15.1 Start with education
15.2 Encourage goal setting
15.3 Provide ongoing support Behavior change is hard, and patients need ongoing support to make lasting changes. Nurses can provide ongoing support by checking in with patients regularly, offering encouragement, and helping patients to troubleshoot any challenges they may encounter. For example, a patient who has quit smoking may experience cravings or withdrawal symptoms. The nurse can provide support by offering tips for managing cravings, providing encouragement, and referring the patient to a support group or smoking cessation program.
15.4 Use motivational interviewing Motivational interviewing is a technique that nurses can use to help patients to identify their own reasons for change. Instead of telling patients what they should do, nurses can ask open-ended questions and listen actively to the patient's responses. For example, a patient who is resistant to exercise may have underlying fears or beliefs that are holding them back. The nurse can use motivational interviewing to help the patient to explore their feelings and identify their own motivations for change.
15.5 Model healthy behaviors Nurses can empower healthy lifestyle change by modeling healthy behaviors themselves. Patients are more likely to take advice from healthcare professionals who practice what they preach. For example, a nurse who eats a healthy diet, exercises regularly, and manages stress effectively can serve as a role model for patients. The nurse can share their own experiences with behavior change and offer practical tips for patients who are struggling to make changes.

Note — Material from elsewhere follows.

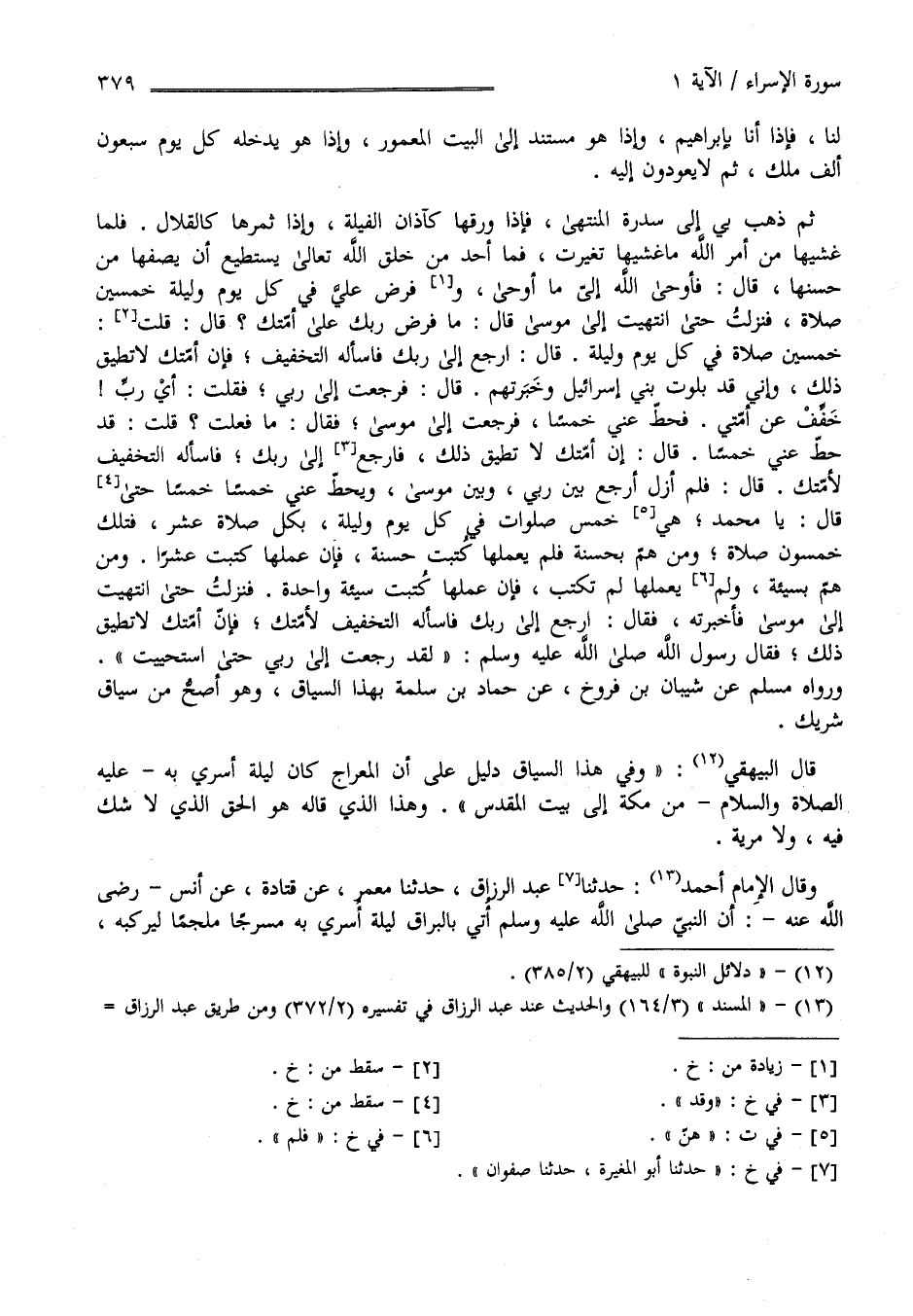 لَنَا فَإِذَا أَنَا بِإِبْرَاهِيم عَلَيْهِ السَّلَام وَإِذَا هُوَ مُسْتَنِد إِلَى الْبَيْت الْمَعْمُور وَإِذَا هُوَ يَدْخُلهُ كُلّ يَوْم سَبْعُونَ أَلْف مَلَك ثُمَّ لَا يَعُودُونَ إِلَيْهِ ثُمَّ ذَهَبَ بِي إِلَى سِدْرَة الْمُنْتَهَى فَإِذَا وَرَقهَا كَآذَانِ الْفِيلَة وَإِذَا ثَمَرهَا كَالْقِلَالِ فَلَمَّا غَشِيَهَا مِنْ أَمْر اللَّه مَا غَشِيَهَا تَغَيَّرَتْ فَمَا أَحَد مِنْ خَلْق اللَّه تَعَالَى يَسْتَطِيع أَنْ يَصِفهَا مِنْ حُسْنهَا قَالَ فَأَوْحَى اللَّه إِلَيَّ مَا أَوْحَى وَقَدْ فَرَضَ عَلَيَّ فِي كُلّ يَوْم وَلَيْلَة خَمْسِينَ صَلَاة فَنَزَلْت حَتَّى اِنْتَهَيْت إِلَى مُوسَى قَالَ مَا فَرَضَ رَبّك عَلَى أُمَّتك ؟ قُلْت خَمْسِينَ صَلَاة فِي كُلّ يَوْم وَلَيْلَة قَالَ اِرْجِعْ إِلَى رَبّك فَاسْأَلْهُ التَّخْفِيف لِأُمَّتِك فَإِنَّ أُمَّتك لَا تُطِيق ذَلِكَ وَإِنِّي قَدْ بَلَوْت بَنِي إِسْرَائِيل وَخَبَرْتهمْ قَالَ فَرَجَعْت إِلَى رَبِّي فَقُلْت أَيْ رَبّ خَفِّفْ عَنْ أُمَّتِي فَحَطَّ عَنِّي خَمْسًا فَنَزَلْت حَتَّى اِنْتَهَيْت إِلَى مُوسَى فَقَالَ مَا فَعَلْت فَقُلْت قَدْ حَطَّ عَنِّي خَمْسًا فَقَالَ إِنَّ أُمَّتك لَا تُطِيق ذَلِكَ فَارْجِعْ إِلَى رَبّك فَاسْأَلْهُ التَّخْفِيف لِأُمَّتِك قَالَ فَلَمْ أَزَلْ أَرْجِع بَيْن رَبِّي وَبَيْن مُوسَى وَيَحُطّ عَنِّي خَمْسًا خَمْسًا حَتَّى قَالَ : يَا مُحَمَّد هُنَّ خَمْس صَلَوَات فِي كُلّ يَوْم وَلَيْلَة بِكُلِّ صَلَاة عَشْر فَتِلْكَ خَمْسُونَ صَلَاة وَمَنْ هَمَّ بِحَسَنَةٍ فَلَمْ يَعْمَلهَا كُتِبَتْ لَهُ حَسَنَة فَإِنْ عَمِلَهَا كُتِبَتْ عَشْرًا وَمَنْ هَمَّ بِسَيِّئَةٍ فَلَمْ يَعْمَلهَا لَمْ تُكْتَب فَإِنْ عَمِلَهَا كُتِبَتْ سَيِّئَة وَاحِدَة .

15.6 Advocate for policy change Nurses can also empower healthy lifestyle change by advocating for policy change at the local, state, and national levels. By supporting policies that promote healthy behaviors , such as smoke-free laws, safe walking and biking routes, and healthy food options in schools and workplaces, nurses can create environments that support healthy choices. For example, a nurse may advocate for a policy that requires workplaces to provide healthy meal options in the cafeteria or for more parks and green spaces in underserved communities.
Conclusion It was emphasized that by empowering patients with knowledge in making mindful choices today, we can pave the way for a healthier tomorrow. The collective goal is to combat metabolic syndrome with every step taken towards a balanced lifestyle."